Instructions to follow –
Please output the line containing "賀!!!本校參加花蓮縣113學年度國中技藝競賽獲得佳績" and all lines that follow it in the data below, exactly, with no pictures.

Given material –
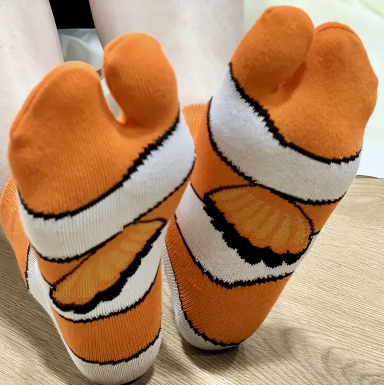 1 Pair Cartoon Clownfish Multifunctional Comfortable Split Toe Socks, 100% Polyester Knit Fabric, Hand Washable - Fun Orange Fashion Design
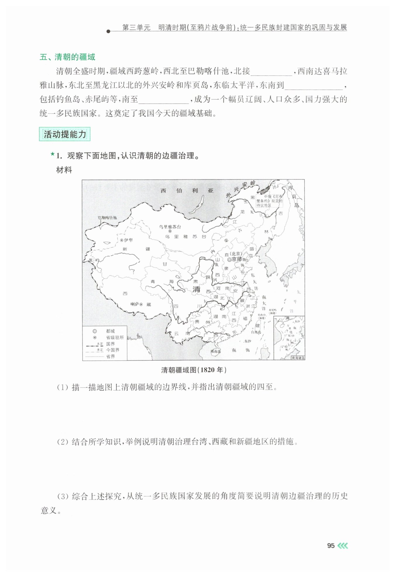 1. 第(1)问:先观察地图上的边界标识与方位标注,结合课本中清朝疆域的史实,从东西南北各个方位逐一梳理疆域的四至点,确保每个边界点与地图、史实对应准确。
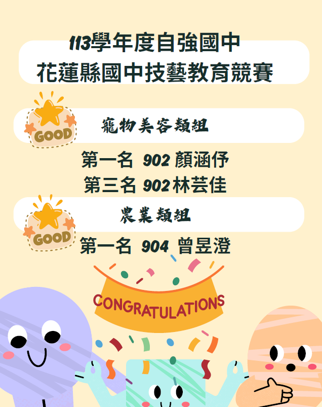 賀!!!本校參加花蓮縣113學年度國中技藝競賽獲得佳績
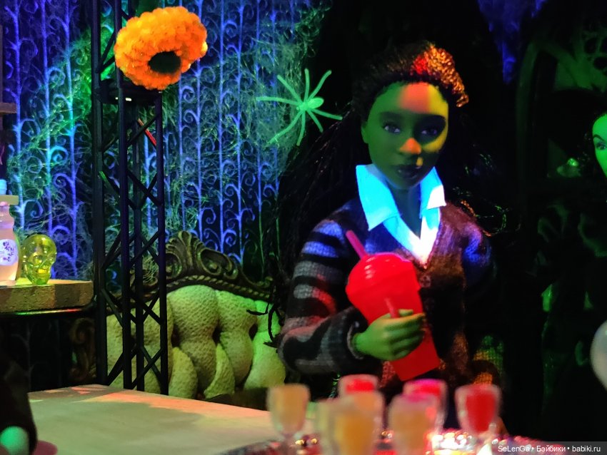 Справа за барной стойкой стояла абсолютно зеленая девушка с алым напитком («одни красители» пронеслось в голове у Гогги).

Expected answer –
 賀!!!本校參加花蓮縣113學年度國中技藝競賽獲得佳績
 Справа за барной стойкой стояла абсолютно зеленая девушка с алым напитком («одни красители» пронеслось в голове у Гогги).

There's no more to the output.